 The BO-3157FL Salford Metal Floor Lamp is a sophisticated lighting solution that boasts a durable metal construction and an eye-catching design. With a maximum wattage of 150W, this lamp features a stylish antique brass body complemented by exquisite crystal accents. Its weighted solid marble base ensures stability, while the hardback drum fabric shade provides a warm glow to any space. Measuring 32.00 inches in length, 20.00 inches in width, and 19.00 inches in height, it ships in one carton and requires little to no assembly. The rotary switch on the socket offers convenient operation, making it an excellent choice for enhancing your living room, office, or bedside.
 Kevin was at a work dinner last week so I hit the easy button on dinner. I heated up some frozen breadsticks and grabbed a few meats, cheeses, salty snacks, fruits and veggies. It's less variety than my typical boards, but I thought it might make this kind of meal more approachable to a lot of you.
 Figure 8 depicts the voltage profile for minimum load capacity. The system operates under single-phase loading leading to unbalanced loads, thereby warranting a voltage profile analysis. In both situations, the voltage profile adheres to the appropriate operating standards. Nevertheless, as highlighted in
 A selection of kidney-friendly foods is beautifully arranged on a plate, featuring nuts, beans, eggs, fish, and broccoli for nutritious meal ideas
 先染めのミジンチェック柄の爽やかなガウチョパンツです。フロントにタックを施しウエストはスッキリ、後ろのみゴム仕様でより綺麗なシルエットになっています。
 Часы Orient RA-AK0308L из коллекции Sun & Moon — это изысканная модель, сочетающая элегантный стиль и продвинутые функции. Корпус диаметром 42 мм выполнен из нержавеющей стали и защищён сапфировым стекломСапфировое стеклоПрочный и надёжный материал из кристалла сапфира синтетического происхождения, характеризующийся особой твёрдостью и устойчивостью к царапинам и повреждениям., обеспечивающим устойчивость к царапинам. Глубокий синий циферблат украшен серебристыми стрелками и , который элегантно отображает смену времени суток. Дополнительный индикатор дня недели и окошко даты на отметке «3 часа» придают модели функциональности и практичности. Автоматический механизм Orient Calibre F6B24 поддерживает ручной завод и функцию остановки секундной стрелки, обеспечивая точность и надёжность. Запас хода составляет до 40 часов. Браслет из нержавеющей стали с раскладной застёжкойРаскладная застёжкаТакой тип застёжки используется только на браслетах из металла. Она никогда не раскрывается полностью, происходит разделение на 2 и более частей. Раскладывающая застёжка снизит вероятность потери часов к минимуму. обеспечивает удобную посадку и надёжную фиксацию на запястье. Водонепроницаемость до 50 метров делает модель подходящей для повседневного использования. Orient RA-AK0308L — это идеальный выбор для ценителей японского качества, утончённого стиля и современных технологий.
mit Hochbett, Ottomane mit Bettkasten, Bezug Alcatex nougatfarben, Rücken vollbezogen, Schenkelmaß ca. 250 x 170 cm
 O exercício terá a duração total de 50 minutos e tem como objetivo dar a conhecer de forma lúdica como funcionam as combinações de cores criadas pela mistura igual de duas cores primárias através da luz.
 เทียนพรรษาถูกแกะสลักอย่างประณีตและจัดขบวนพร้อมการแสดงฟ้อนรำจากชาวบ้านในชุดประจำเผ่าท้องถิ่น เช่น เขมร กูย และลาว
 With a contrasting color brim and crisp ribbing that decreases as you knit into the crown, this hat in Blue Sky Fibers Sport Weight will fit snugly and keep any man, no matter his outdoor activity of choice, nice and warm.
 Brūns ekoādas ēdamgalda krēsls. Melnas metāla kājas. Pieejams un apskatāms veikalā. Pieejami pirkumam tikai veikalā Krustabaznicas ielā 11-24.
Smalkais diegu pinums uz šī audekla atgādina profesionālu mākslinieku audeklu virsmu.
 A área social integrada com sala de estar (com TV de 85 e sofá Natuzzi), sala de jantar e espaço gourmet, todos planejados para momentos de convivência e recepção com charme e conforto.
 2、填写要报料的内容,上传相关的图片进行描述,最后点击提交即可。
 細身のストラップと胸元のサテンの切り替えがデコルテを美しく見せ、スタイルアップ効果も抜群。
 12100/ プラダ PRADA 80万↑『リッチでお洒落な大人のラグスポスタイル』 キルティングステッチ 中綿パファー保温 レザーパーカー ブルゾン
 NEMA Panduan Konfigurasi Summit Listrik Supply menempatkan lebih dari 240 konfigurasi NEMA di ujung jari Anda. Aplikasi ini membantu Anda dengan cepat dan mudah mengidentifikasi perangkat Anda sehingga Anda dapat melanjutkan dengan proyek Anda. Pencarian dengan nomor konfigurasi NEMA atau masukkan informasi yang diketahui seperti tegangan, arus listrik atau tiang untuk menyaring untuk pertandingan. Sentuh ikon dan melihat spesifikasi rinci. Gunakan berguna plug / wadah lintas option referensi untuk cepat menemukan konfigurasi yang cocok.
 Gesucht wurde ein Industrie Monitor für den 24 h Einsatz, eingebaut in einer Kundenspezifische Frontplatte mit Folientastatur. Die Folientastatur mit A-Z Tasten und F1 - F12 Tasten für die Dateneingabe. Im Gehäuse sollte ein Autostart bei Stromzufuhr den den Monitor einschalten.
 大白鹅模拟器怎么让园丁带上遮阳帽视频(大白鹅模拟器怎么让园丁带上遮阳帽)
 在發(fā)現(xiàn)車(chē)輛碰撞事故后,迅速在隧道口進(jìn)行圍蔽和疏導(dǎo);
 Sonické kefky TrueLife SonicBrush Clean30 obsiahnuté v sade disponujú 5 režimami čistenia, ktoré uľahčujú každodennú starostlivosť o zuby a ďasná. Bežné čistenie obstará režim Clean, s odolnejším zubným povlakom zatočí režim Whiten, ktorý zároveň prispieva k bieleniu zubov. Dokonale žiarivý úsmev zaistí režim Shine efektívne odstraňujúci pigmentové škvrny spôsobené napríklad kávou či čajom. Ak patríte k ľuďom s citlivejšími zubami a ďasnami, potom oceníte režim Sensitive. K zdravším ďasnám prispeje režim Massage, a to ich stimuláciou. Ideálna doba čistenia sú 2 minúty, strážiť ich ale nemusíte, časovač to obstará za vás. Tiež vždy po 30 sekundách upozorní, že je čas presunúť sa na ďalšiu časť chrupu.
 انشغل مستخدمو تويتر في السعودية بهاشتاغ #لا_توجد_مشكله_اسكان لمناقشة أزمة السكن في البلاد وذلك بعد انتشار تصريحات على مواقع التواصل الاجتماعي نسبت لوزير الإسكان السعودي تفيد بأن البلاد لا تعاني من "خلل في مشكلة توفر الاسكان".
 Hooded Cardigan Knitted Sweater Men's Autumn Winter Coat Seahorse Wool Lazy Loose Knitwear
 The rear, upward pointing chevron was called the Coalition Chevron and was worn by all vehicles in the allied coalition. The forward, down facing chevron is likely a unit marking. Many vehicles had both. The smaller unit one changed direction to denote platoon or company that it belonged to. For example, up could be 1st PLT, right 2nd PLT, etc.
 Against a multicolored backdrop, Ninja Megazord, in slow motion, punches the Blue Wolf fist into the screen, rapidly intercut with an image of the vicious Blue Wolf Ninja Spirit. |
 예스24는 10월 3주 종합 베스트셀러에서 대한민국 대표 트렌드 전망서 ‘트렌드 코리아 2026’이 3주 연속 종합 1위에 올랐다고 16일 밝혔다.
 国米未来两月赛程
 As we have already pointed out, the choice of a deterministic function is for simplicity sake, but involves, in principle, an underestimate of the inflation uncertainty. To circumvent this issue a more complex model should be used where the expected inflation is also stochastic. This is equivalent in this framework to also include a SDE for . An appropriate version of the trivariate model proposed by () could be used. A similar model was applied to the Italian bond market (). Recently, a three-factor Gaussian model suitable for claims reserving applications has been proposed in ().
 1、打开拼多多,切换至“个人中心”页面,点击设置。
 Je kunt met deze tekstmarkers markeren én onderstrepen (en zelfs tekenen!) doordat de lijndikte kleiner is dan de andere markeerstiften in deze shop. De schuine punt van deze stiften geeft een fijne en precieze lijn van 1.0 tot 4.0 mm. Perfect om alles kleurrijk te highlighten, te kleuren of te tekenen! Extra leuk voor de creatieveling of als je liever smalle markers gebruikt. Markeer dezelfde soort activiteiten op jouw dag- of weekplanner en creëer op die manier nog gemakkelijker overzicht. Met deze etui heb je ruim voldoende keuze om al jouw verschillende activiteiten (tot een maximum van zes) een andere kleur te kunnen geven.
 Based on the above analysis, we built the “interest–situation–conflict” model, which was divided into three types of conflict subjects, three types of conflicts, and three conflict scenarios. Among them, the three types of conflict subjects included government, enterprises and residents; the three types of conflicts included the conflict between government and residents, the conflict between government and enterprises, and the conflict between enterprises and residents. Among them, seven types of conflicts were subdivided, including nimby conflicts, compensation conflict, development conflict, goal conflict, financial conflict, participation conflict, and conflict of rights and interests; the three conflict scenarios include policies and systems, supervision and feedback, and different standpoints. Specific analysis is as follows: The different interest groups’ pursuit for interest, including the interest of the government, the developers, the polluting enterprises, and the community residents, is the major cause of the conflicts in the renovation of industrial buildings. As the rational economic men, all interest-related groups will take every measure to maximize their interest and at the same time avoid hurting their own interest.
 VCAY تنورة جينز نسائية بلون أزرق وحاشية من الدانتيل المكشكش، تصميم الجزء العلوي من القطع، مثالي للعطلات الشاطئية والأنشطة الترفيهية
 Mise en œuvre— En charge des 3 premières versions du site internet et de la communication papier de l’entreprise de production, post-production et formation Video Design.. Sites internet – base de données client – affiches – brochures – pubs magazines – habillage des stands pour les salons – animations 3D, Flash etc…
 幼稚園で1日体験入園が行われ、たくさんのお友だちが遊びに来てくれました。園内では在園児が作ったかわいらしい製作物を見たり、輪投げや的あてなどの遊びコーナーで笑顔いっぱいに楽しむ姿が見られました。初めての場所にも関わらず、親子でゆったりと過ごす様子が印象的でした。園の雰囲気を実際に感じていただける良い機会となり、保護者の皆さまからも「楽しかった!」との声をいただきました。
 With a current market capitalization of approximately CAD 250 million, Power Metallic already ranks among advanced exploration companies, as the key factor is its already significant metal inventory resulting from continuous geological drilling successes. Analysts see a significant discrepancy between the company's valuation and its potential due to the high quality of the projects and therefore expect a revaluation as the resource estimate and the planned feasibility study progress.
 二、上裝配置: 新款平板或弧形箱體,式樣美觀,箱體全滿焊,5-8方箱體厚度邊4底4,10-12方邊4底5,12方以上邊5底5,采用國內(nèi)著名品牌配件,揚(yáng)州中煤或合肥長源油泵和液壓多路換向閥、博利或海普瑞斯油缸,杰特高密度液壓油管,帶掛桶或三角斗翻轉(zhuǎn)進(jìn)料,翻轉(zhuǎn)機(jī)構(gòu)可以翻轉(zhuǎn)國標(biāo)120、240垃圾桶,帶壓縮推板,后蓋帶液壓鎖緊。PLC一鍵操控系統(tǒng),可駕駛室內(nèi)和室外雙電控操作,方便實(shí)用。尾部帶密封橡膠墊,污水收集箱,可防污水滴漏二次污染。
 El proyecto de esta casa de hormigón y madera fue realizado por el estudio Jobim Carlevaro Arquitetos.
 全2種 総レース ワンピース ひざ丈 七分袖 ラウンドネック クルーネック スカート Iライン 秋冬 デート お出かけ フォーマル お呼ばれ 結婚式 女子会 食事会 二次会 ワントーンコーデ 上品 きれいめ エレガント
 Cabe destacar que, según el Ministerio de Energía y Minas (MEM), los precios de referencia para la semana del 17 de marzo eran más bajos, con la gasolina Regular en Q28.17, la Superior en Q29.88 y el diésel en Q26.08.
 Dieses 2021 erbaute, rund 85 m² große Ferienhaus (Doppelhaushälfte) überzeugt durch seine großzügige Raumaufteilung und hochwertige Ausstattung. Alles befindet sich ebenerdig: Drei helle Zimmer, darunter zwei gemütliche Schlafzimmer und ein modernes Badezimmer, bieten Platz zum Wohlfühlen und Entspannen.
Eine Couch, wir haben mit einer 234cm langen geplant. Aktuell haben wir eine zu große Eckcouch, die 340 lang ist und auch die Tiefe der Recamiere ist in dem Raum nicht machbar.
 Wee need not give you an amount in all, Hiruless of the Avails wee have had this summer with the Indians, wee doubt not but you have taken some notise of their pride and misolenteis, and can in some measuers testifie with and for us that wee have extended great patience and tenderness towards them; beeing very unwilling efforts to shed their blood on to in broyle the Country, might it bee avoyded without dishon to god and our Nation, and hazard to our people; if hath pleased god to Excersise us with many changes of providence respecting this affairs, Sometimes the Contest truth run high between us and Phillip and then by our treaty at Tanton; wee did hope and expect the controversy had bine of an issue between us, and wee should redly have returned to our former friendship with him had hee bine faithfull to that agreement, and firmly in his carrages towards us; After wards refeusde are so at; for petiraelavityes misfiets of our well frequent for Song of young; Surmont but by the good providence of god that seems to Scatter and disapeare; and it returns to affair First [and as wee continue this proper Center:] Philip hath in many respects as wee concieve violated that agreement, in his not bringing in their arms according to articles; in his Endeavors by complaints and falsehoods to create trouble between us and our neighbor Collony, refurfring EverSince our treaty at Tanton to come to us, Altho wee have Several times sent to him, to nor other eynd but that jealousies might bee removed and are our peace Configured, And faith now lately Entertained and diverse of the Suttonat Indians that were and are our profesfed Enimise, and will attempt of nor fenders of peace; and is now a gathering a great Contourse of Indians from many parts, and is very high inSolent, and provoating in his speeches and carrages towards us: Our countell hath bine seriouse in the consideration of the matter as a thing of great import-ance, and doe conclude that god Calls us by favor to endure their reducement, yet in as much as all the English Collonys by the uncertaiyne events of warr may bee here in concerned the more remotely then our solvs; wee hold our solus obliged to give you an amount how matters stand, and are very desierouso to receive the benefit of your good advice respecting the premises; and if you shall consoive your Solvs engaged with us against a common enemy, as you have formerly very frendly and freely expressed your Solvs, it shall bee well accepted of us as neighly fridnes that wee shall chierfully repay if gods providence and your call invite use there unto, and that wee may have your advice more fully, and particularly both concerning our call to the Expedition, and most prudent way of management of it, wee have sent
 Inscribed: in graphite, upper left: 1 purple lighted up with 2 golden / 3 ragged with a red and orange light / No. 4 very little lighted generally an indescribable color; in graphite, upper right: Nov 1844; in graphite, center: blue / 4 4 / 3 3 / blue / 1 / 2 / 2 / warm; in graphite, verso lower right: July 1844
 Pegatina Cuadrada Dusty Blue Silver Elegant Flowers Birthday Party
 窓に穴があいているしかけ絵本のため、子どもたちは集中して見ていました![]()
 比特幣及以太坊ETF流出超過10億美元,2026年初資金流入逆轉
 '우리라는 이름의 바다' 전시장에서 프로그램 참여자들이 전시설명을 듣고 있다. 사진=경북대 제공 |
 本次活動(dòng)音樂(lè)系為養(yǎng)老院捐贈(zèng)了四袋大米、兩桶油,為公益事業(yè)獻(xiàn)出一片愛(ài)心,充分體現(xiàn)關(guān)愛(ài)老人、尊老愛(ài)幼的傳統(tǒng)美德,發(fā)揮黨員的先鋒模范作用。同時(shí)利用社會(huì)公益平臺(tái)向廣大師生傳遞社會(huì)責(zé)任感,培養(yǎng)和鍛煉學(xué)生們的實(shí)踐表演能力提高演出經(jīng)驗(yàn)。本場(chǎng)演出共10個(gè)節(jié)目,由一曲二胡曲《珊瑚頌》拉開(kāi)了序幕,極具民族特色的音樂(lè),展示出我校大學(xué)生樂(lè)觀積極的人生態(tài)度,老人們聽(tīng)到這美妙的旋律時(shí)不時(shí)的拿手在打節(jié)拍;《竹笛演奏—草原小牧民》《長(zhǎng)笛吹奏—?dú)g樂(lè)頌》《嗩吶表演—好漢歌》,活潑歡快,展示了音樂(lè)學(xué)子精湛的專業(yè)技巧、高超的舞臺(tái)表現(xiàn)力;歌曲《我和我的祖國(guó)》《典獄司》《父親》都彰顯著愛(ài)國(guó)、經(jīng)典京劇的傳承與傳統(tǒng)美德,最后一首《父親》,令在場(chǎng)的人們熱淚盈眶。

Your assignment>
For every line above that includes the word "para", return the line.

Answer for the task>
 A área social integrada com sala de estar (com TV de 85 e sofá Natuzzi), sala de jantar e espaço gourmet, todos planejados para momentos de convivência e recepção com charme e conforto.
 Cabe destacar que, según el Ministerio de Energía y Minas (MEM), los precios de referencia para la semana del 17 de marzo eran más bajos, con la gasolina Regular en Q28.17, la Superior en Q29.88 y el diésel en Q26.08.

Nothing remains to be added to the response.